EXERCISE AIM
Could you reproduce, from the records below, everything from the line with "A single cloud" down to the line with "A woman in a", keeping both of those lines and changing nothing?

PROVIDED ENTRIES
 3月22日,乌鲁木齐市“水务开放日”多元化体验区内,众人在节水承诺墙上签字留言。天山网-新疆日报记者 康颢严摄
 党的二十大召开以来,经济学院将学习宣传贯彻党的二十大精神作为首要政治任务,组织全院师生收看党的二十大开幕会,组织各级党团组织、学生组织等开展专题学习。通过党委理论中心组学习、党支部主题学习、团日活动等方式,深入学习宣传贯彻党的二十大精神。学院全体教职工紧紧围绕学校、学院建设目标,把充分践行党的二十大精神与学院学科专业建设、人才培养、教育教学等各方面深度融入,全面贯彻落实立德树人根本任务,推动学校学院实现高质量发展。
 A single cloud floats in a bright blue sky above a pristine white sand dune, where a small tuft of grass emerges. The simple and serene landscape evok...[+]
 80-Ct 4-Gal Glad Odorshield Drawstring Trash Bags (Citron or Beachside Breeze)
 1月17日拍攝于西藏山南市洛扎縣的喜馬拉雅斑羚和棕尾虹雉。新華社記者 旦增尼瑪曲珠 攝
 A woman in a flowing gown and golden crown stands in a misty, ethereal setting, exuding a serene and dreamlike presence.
==
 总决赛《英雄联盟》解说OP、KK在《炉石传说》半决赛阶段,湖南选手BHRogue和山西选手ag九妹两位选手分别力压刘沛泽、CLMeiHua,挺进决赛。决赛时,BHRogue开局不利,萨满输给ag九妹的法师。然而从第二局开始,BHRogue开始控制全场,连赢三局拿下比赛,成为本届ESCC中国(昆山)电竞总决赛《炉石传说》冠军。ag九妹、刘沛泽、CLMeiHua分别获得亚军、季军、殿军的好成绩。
* * *
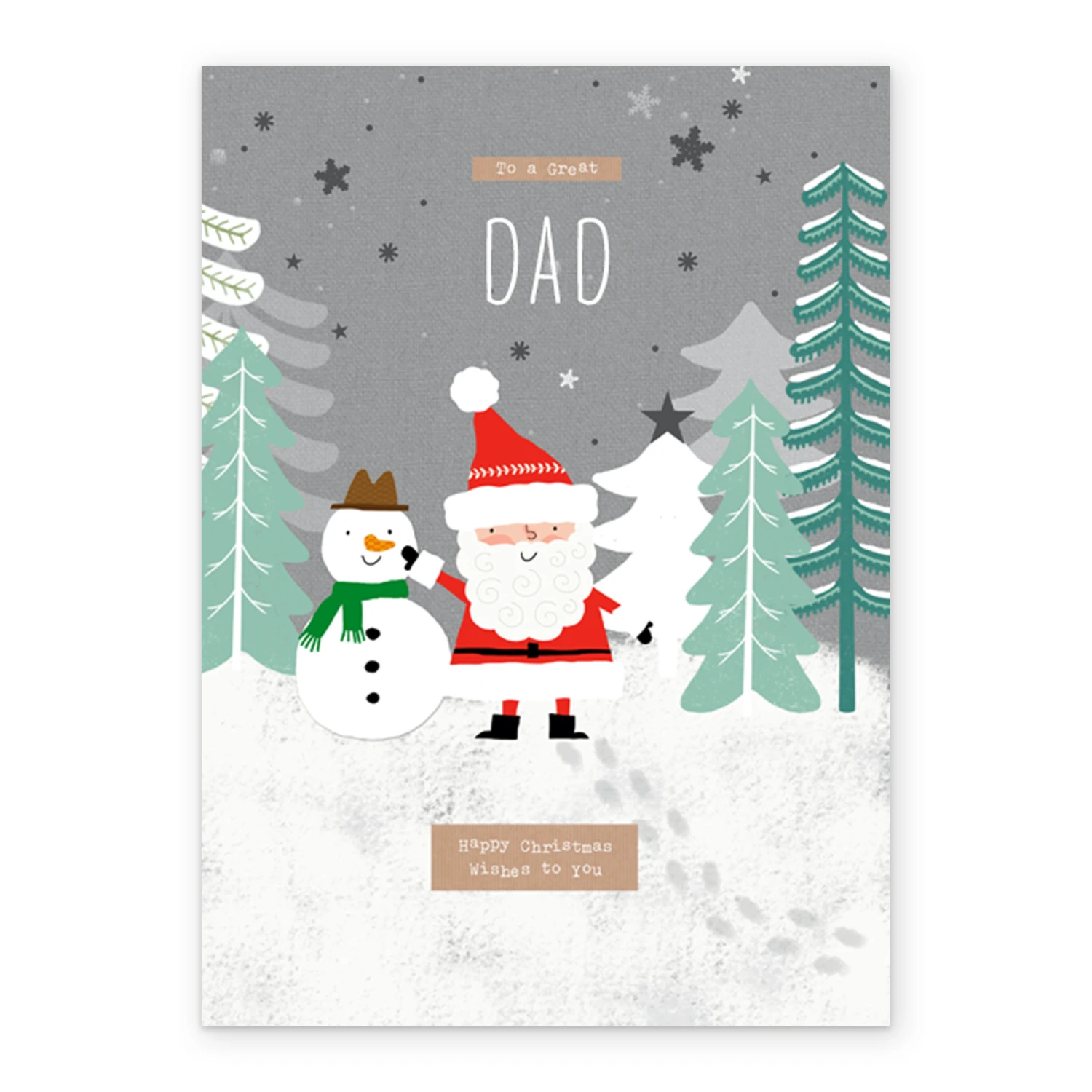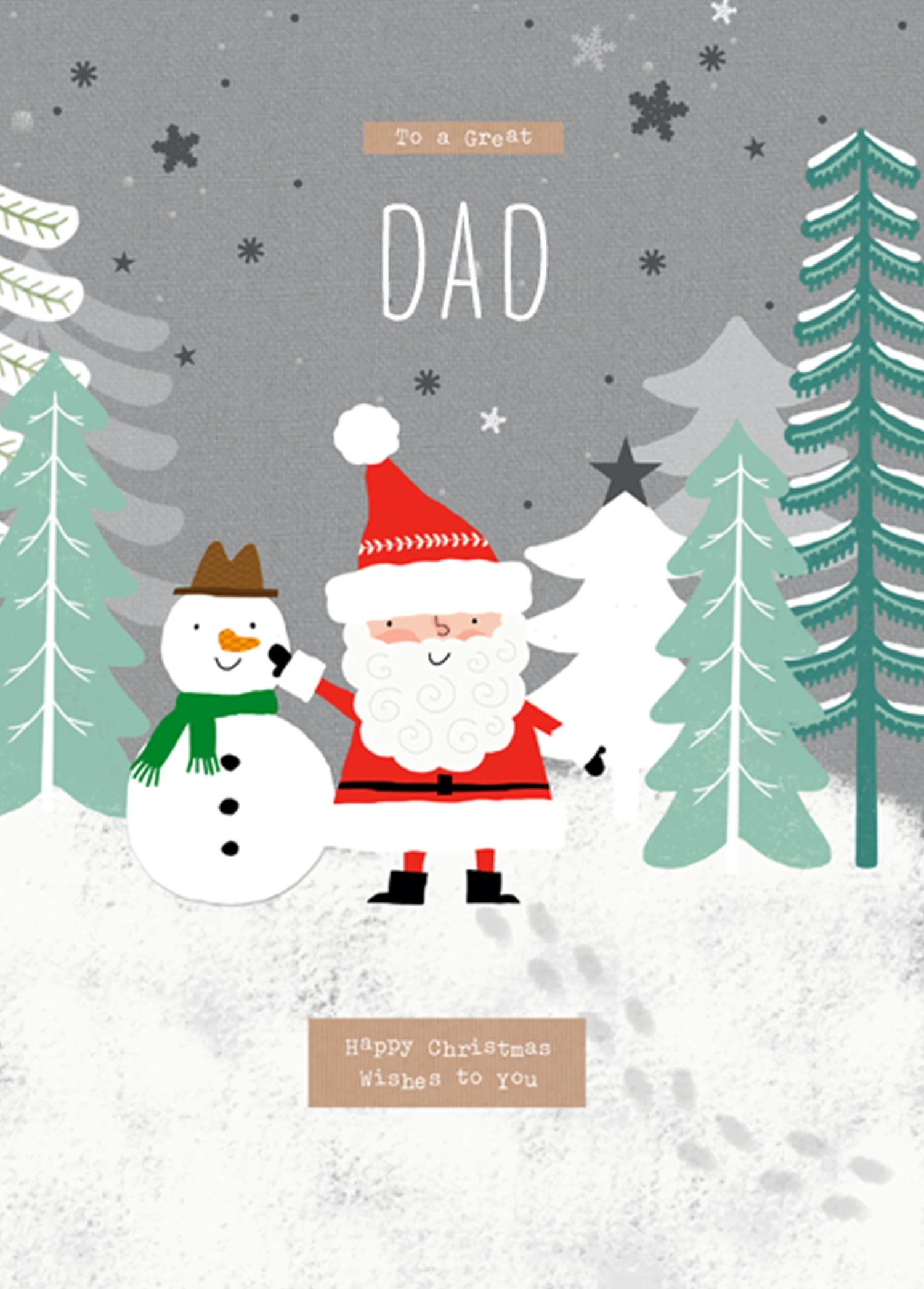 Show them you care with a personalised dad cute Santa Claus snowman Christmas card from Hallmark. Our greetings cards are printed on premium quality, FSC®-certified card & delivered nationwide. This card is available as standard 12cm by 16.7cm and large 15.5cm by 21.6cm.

RESULT BELOW
 A single cloud floats in a bright blue sky above a pristine white sand dune, where a small tuft of grass emerges. The simple and serene landscape evok...[+]
 80-Ct 4-Gal Glad Odorshield Drawstring Trash Bags (Citron or Beachside Breeze)
 1月17日拍攝于西藏山南市洛扎縣的喜馬拉雅斑羚和棕尾虹雉。新華社記者 旦增尼瑪曲珠 攝
 A woman in a flowing gown and golden crown stands in a misty, ethereal setting, exuding a serene and dreamlike presence.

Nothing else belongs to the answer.